It’s a sorry enough state of affairs that we live in a nation where two precious Senate seats are occupied by the likes of James Inhofe (R-Ok), who invokes his peculiar God to deny climate change, and Tom Coburn (R-Ok), who would sooner see misfortune befall a colleague than help millions of Americans acquire health insurance.
We were hoping it was just an Oklahoma thing. This is a state, after all, that wants to publish personal information about women who get abortions.
But now even the most reasonable members of the Republican Party are behaving like spoiled children, burning down the house because Santa didn’t bring them a Wii.
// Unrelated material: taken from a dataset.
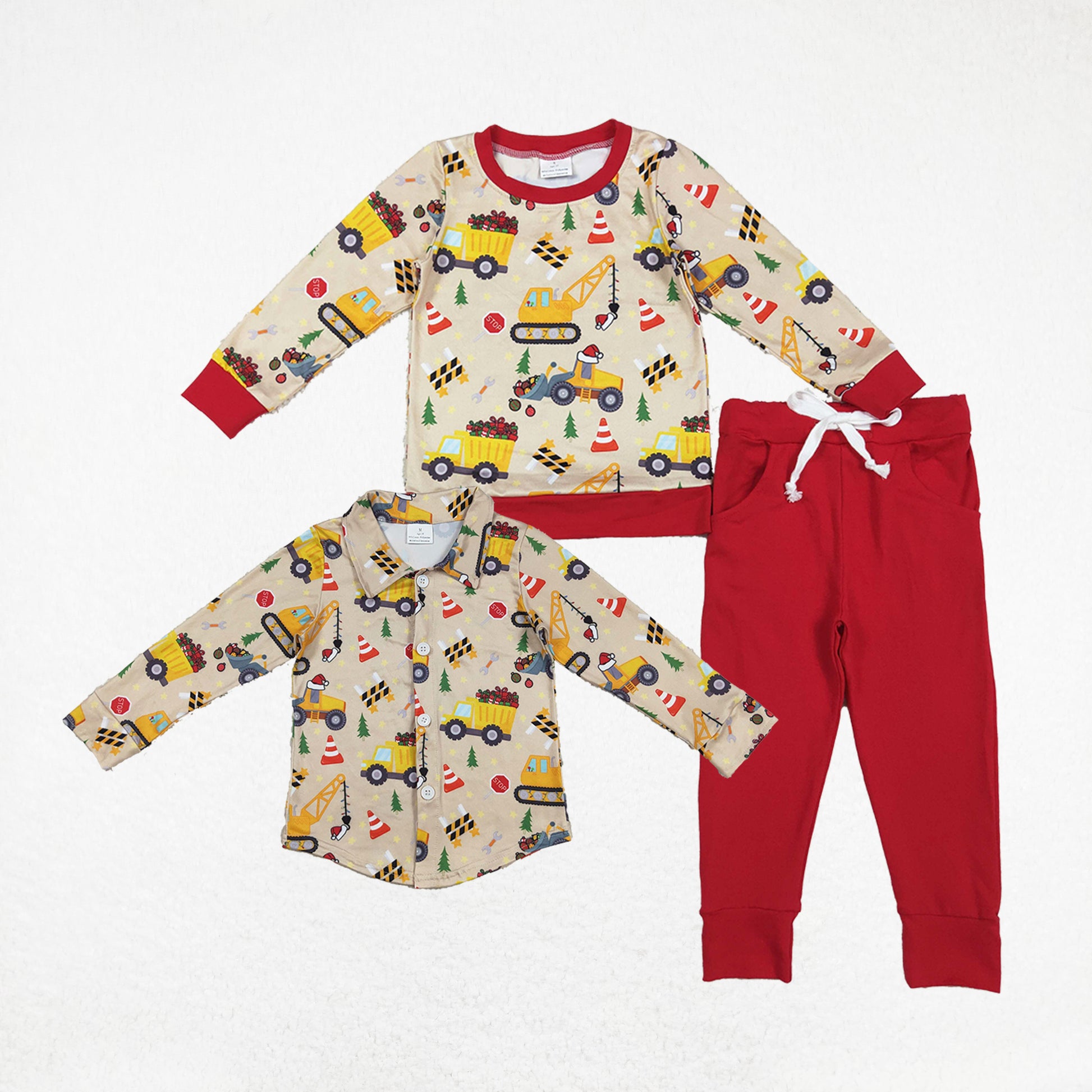 Baby Boy Long Sleeves Trucks Christmas Sibling Buttons Shirt Set Clothes RTS

Sen. Lindsey Graham (R-S.C.) is the lynchpin vote for the U.S. to pass a law limiting greenhouse gas emissions next year. He and Joe Lieberman agreed to play along only after Democrats accepted concessions promoting nuclear energy, offshore oil drilling, and oxymoronic clean coal.
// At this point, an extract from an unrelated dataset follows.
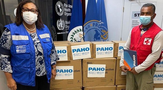 Belize City, Belize, December 21, 2020 (PAHO) – The Pan American Health Organization/World Health Organization (PAHO/WHO), as part of the continuous support in responding to the COVID-19 pandemic donated 30,280 Personal Protective Equipment (PPEs) to the Belize Red Cross. The Red Cross continues to be at the forefront of the battle to alleviate the distress of Belizeans after the recent disastrous flooding from hurricanes ETA and IOTA s and because of the COVID-19 pandemic. The PPEs are critical for keeping the members safe as they visit the communities.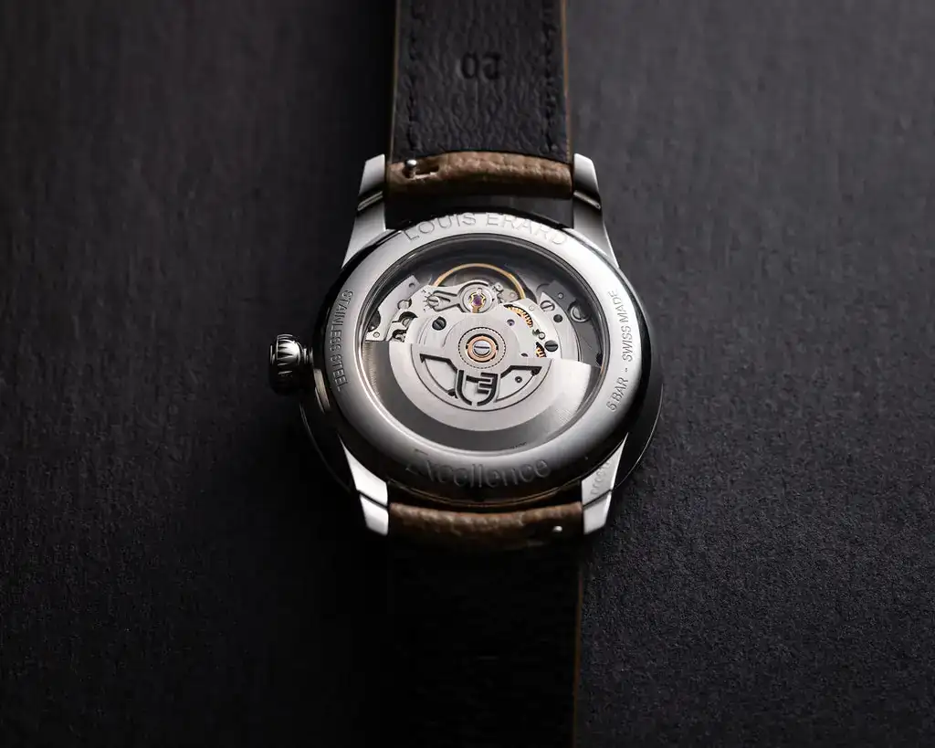 En Louis Erard han reinventado la emblemática esfera en sectores, característica de la relojería de los años 30, al tiempo que incorporan su característico diseño Régulateur con la visualización vertical de los indicadores de la hora. Esta precisión técnica y estética pone de relieve los elementos clave: segmentación horaria, legibilidad optimizada, círculos concéntricos y un motivo de vía de tren en el perímetro.

A U.S. law limiting carbon emissions, meanwhile, is crucial to an equally fragile international effort to keep the planet from overheating.
That makes Lindsey Graham far more important to life on earth than any one man ought to be. Which should make us all concerned when he starts stomping his feet on the playground. Here he is dropping hints to Larry King Sunday night:
The bill I’m looking for is to find gas and oil here in America. Every barrel we find at home we don’t have to buy overseas, to create a renaissance in nuclear power and clean coal and control carbon emissions, put a price on carbon so the green economy will come. To me, it’s about jobs, not about polar bears. It’s about national security. But at the end of the day, I want to work with this administration.
But this health care proposal has made it very hard for Republicans to sit down at the table with these guys because of the way they’ve run over us.
via CNN.com – Transcripts.
And here he is quoted by Lisa Lerer yesterday:
It makes it hard to do anything because of the way this was handled,” said Sen. Lindsey Graham (R-S.C.).
Graham didn’t elaborate, but he didn’t have to — the fierce partisan fights during the past few weeks have torn away at the Senate’s clubby decorum, raising temperatures, fraying nerves and creating what one Democratic senator has called a “very high” level of distrust among members.
Lerer registers more blatant petulance from three other Republicans who, in some dreamers’ hearts, might have been expected to support the new clean-energy economy in return for sufficient compensation for the old dirty-energy economy: Susan Collins of Maine, Lisa Murkowski of Alaska, Richard Lugar of Indiana.
It will be an ironic history whenever some surviving species evolves sufficiently to write it: Sorry, America, you got one procedural vote closer to health care for all your citizens, only have the planet pulled out from under you.